[RECORD SET]
________

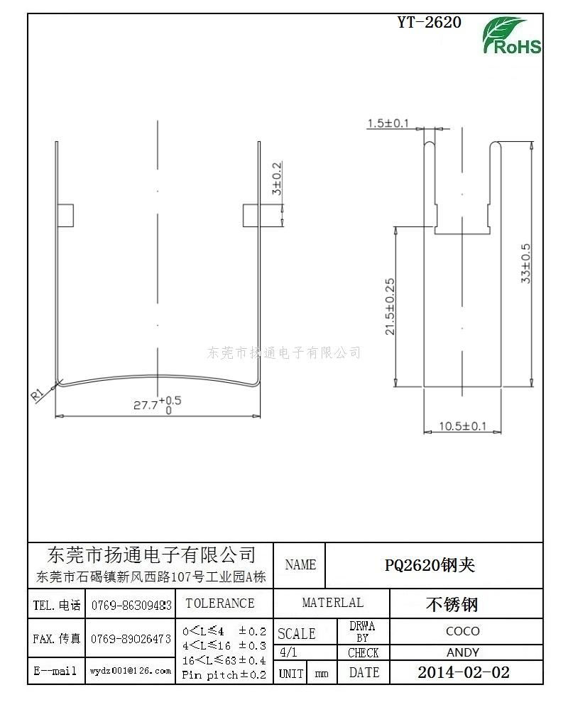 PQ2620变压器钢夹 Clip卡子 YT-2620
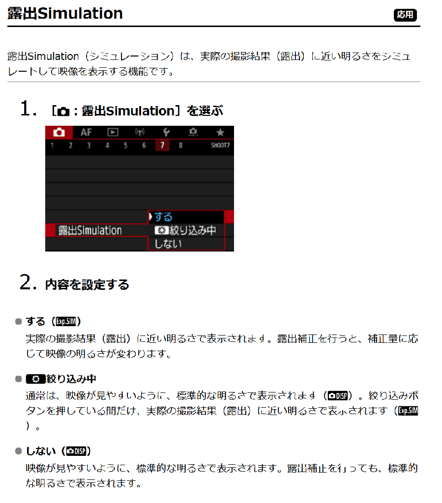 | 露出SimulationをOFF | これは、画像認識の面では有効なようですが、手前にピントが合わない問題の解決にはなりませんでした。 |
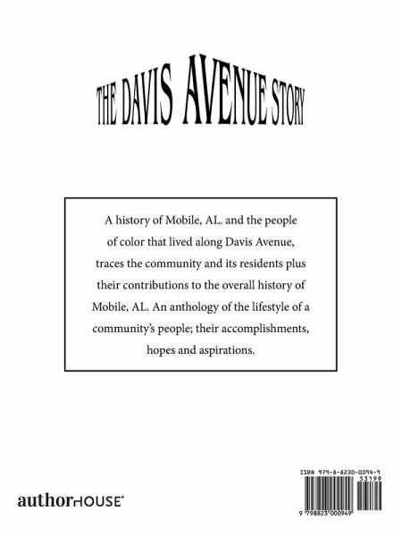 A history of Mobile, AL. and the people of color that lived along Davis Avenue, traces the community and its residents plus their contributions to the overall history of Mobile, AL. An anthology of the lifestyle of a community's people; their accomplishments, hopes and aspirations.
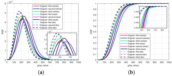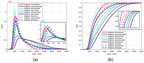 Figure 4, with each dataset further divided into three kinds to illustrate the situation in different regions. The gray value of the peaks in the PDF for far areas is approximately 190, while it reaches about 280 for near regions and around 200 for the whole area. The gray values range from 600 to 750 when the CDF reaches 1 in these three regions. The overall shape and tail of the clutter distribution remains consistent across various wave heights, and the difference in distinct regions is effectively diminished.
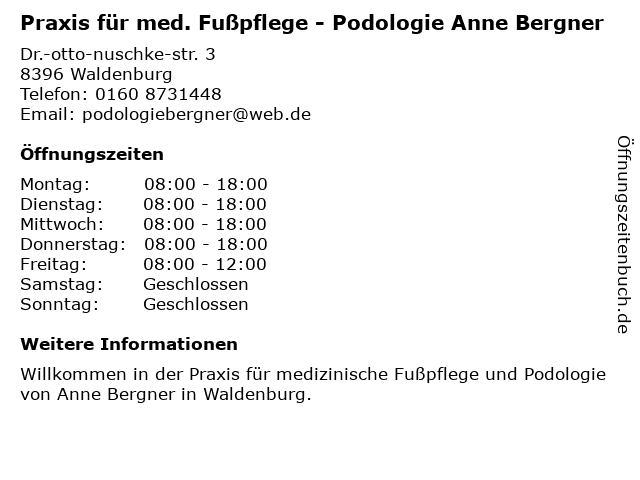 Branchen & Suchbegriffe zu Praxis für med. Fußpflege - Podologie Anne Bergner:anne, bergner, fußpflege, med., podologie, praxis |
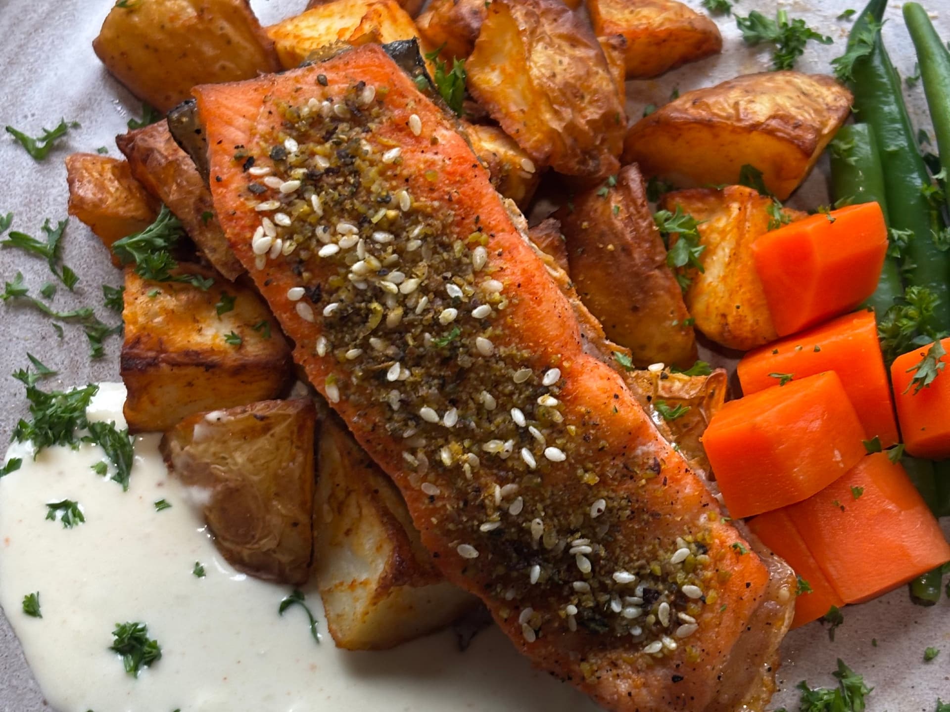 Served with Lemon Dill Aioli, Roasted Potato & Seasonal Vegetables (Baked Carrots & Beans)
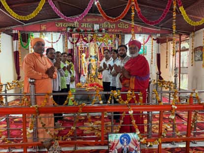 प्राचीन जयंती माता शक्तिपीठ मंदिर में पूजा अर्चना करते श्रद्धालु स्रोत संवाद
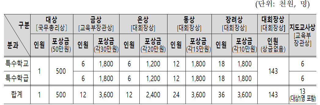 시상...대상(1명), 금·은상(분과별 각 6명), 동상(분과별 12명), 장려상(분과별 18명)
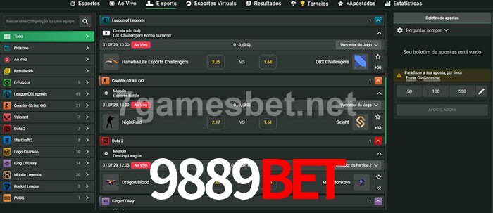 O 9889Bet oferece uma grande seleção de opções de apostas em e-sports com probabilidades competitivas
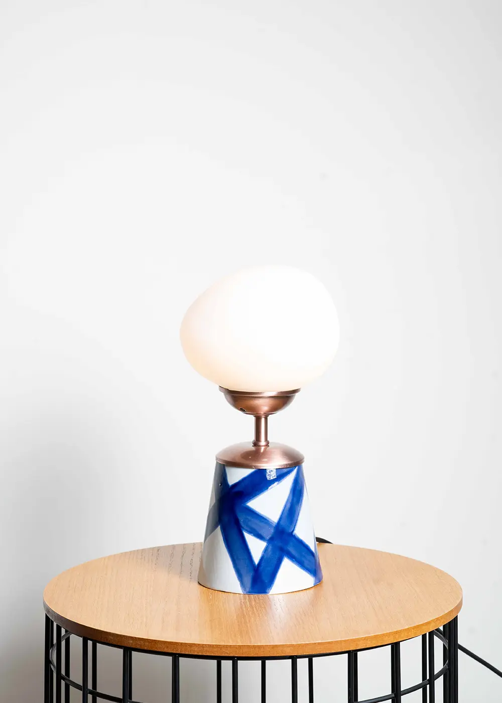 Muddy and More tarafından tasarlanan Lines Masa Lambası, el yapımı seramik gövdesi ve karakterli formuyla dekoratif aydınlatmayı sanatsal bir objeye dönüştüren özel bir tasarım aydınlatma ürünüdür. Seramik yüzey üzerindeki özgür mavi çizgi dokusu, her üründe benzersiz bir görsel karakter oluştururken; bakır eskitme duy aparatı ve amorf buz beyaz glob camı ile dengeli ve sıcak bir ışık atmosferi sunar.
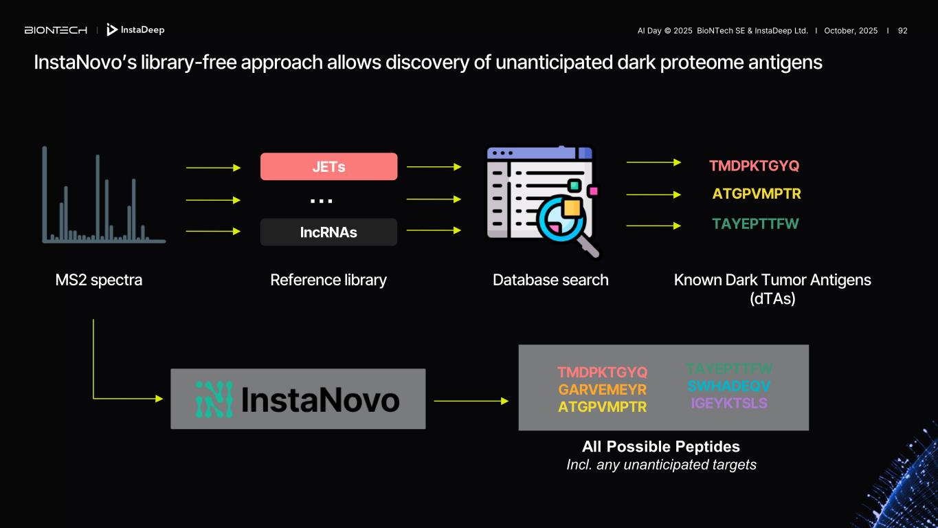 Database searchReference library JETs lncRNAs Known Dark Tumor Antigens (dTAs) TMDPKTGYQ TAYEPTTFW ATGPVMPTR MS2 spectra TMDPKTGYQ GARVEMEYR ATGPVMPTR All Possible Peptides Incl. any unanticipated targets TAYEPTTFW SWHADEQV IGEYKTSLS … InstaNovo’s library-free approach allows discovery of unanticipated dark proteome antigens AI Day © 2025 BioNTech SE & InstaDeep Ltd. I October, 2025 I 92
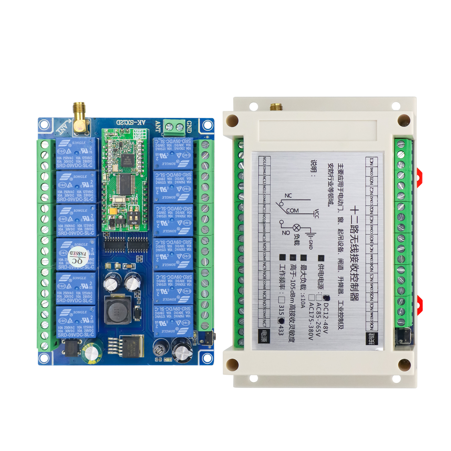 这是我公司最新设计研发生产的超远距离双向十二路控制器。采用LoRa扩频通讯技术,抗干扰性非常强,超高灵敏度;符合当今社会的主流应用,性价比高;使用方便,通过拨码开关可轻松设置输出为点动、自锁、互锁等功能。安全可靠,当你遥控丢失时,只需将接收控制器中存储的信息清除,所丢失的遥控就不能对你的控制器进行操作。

________

Pictures aside, the material must be written out word for word.

 PQ2620变压器钢夹 Clip卡子 YT-2620
 | 露出SimulationをOFF | これは、画像認識の面では有効なようですが、手前にピントが合わない問題の解決にはなりませんでした。 |
 A history of Mobile, AL. and the people of color that lived along Davis Avenue, traces the community and its residents plus their contributions to the overall history of Mobile, AL. An anthology of the lifestyle of a community's people; their accomplishments, hopes and aspirations.
 Figure 4, with each dataset further divided into three kinds to illustrate the situation in different regions. The gray value of the peaks in the PDF for far areas is approximately 190, while it reaches about 280 for near regions and around 200 for the whole area. The gray values range from 600 to 750 when the CDF reaches 1 in these three regions. The overall shape and tail of the clutter distribution remains consistent across various wave heights, and the difference in distinct regions is effectively diminished.
 Branchen & Suchbegriffe zu Praxis für med. Fußpflege - Podologie Anne Bergner:anne, bergner, fußpflege, med., podologie, praxis |
 Served with Lemon Dill Aioli, Roasted Potato & Seasonal Vegetables (Baked Carrots & Beans)
 प्राचीन जयंती माता शक्तिपीठ मंदिर में पूजा अर्चना करते श्रद्धालु स्रोत संवाद
 시상...대상(1명), 금·은상(분과별 각 6명), 동상(분과별 12명), 장려상(분과별 18명)
 O 9889Bet oferece uma grande seleção de opções de apostas em e-sports com probabilidades competitivas
 Muddy and More tarafından tasarlanan Lines Masa Lambası, el yapımı seramik gövdesi ve karakterli formuyla dekoratif aydınlatmayı sanatsal bir objeye dönüştüren özel bir tasarım aydınlatma ürünüdür. Seramik yüzey üzerindeki özgür mavi çizgi dokusu, her üründe benzersiz bir görsel karakter oluştururken; bakır eskitme duy aparatı ve amorf buz beyaz glob camı ile dengeli ve sıcak bir ışık atmosferi sunar.
 Database searchReference library JETs lncRNAs Known Dark Tumor Antigens (dTAs) TMDPKTGYQ TAYEPTTFW ATGPVMPTR MS2 spectra TMDPKTGYQ GARVEMEYR ATGPVMPTR All Possible Peptides Incl. any unanticipated targets TAYEPTTFW SWHADEQV IGEYKTSLS … InstaNovo’s library-free approach allows discovery of unanticipated dark proteome antigens AI Day © 2025 BioNTech SE & InstaDeep Ltd. I October, 2025 I 92
 这是我公司最新设计研发生产的超远距离双向十二路控制器。采用LoRa扩频通讯技术,抗干扰性非常强,超高灵敏度;符合当今社会的主流应用,性价比高;使用方便,通过拨码开关可轻松设置输出为点动、自锁、互锁等功能。安全可靠,当你遥控丢失时,只需将接收控制器中存储的信息清除,所丢失的遥控就不能对你的控制器进行操作。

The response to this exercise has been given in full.